• New Macintosh Trojan Turns Your Mac Into a Virtual Website Attacker

    Another Macintosh trojan hits the wild.

    The last Macintosh trojan that we reported on was named Flashback.C, and would execute after you opened a .dmg file posing to be Adobe Flash player. It would install and disable your Apple Anti-Malware system. If you had LittleSnitch installed, the trojan would not execute, instead automatically delete itself.

    Now, another Macintosh trojan is on the loose. This trojan was originally made for Linux systems, but was ported to Mac OS by a couple of hackers. It's called OSX/Tsnunami.A and it uses your computer and internet connection to attack Web Sites. The Linux build of the trojan was known as Linux/Tsnunami or Troj/Kaiten.

    How does it do that?
    OSX/Tsnunami.A is installed on your computer, and sets itself up with internet servers through IRC and waits for users in those IRC's to enter commands for the trojan to execute. When activated, it will attack a Web Site with Distributed Denial of Service (DDoS) attacks. What this means is that the trojan will repeatedly send bulks of requests to a Web Site until it crashes. Effects will be similar to how Apple's website (more specifically the iOS 5 update servers) crashed due to the huge volume of users trying to update at once. That being said, this trojan can cause huge problems for Web Sites and the unaware user would be denying service to a Web Site, which is generally unlawful under intentional circumstances. So the trojan could be setting you up for more than just downing a Web Site, but it makes your machine a hotspot for agents investigating the issue.

    Does it do anything else?
    Yes. OSX/Tsnunami.A not only makes your computer attack Web Sites, but it also it attempts to fill your computer with more malware. Generally this wouldn't be too bad of an issue, as the Apple Anti-Malware is not disabled by this trojan. Most of it would be forbidden to execute from the start. But a mix of this trojan, plus the Flashback.C trojan is an ugly combination.
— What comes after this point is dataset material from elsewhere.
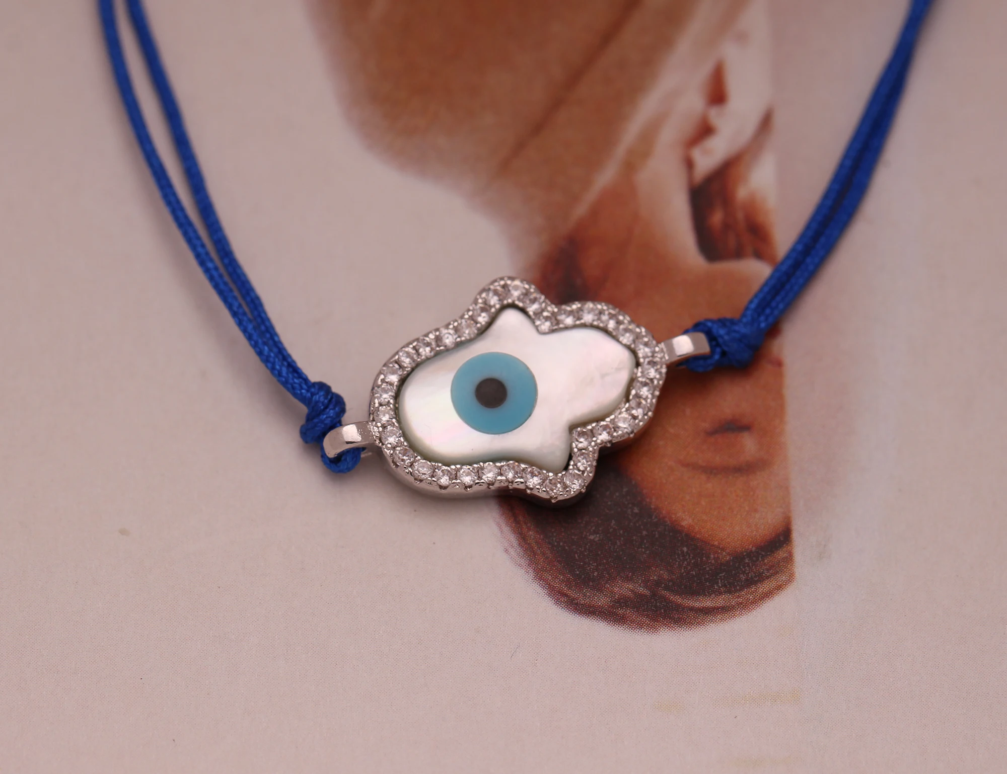 Белый и синий AAA высокое качество кубического циркония камни Медь Хамса браслет с подвесками на руку для предотвращения причинения вреда защиты удачи jewlryбыл подарок

    I warn all Mac users to be careful of what they are downloading. Make sure that all downloaded .Dmg files or any kind of file that can be executed are legitimate and downloaded from the official websites. These types of trojans are only installed by inadvertently downloading a fake .Dmg file and installing it. These kinds of trojans can only be installed after the users permits the installation by entering their system password. So please be cautious how you enter your password. If you don't have LittleSnitch, I highly recommend the investment, as it will help keep some of the problems such as Flashback.C out of your system. OSX/Tsnunami.A is definitely not a problem that you want to deal with.

    Sophos Anti-Virus for Mac has been updated to find and terminate OSX/Tsnunami.A. I recommend it if you are in fear that this trojan could potentially put you at risk, that you install Sophos.